Awards and highlights
- National champion (1896); Second-team All-American (1899); Third-team All-American (1897);

= George B. Walbridge =

American college football player

George Baines Walbridge (July 6, 1874 - June 30, 1955) was an All-American football player for Lafayette College and a co-founder of Walbridge Aldinger of Detroit, Michigan, one of the 50 largest construction companies in the United States.

==Football career==
Walbridge was living near Wellsboro, Pennsylvania in what was then known as Stony Fork when he enrolled at Lafayette in 1894. Walbridge was right halfback and captain of Lafayette's 1896 team, which was named the national co-champion of college football 37 years later by the team's coach, Parke H. Davis, who had become the sport's leading historian.

Walbridge was selected by Walter Camp as a third team All-American in 1897.

==Military service and the construction industry==
With the outbreak of the Spanish–American War in 1898, Walbridge enlisted, serving as a private in the light artillery in Puerto Rico.

Upon returning to civilian life, he graduated from Cornell with a degree in civil engineering in 1900.

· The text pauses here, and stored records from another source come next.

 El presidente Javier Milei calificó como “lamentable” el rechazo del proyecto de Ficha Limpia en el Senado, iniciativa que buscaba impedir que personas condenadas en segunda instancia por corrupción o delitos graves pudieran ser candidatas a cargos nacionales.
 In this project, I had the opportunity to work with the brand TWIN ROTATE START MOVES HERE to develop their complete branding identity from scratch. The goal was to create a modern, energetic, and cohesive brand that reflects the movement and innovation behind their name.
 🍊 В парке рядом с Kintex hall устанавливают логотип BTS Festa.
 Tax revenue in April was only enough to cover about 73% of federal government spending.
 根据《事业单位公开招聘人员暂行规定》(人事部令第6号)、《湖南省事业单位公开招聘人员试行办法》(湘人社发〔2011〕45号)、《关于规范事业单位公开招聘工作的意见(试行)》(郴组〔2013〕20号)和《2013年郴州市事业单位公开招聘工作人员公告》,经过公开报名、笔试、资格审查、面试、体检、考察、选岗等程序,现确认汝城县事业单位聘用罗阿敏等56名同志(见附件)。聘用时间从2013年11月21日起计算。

Starting out as a draftsman, Walbridge worked his way up. He spent six years with D. Burnham and Company in Chicago before joining Hedden Construction Company of New York City as general superintendent. He resigned that position to become vice president of the George F. Fuller Company of New York City, which transferred him to Detroit in 1914. In 1916, he co-founded Walbridge Aldinger in what was becoming the "motor city". According to the Walbridge company website, his partner

(Albert H.) Aldinger, a German immigrant, was a banker who founded a construction company in Canada shortly before meeting George Walbridge. Both men became widely respected industry leaders who were instrumental in founding the Associated General Contractors of America and the Detroit Chapter.

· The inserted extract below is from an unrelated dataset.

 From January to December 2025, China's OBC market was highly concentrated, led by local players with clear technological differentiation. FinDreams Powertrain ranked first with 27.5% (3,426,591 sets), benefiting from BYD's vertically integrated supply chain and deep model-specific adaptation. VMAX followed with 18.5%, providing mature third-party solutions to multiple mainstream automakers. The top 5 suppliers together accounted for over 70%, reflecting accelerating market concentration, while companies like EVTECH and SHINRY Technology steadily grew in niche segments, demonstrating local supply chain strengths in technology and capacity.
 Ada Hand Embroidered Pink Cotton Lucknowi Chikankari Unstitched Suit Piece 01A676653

Walbridge felt the call of service to his country again with America's involvement in World War I, attaining the rank of lieutenant colonel in the Engineers Corp.

With Walbridge serving as vice president and general manager, the company that bore his name became one of the 50 largest construction companies in the United States.

In 1925, he was named national president of the Associated General Contractors of America.

In 1934, Walbridge, a Republican, was named a member of the advisory council to the Federal Housing Administration, created under the administration of President Franklin D. Roosevelt.

Walbridge remained a leader of his company for some 39 years, retiring as Chairman in 1955.

In 2008, the company he helped create changed its name to simply "Walbridge."

==Personal life==
Walbridge married Helen M. McCauley of Chicago on January 3, 1903. They had four children: Clare, George, Joseph H. and Jane.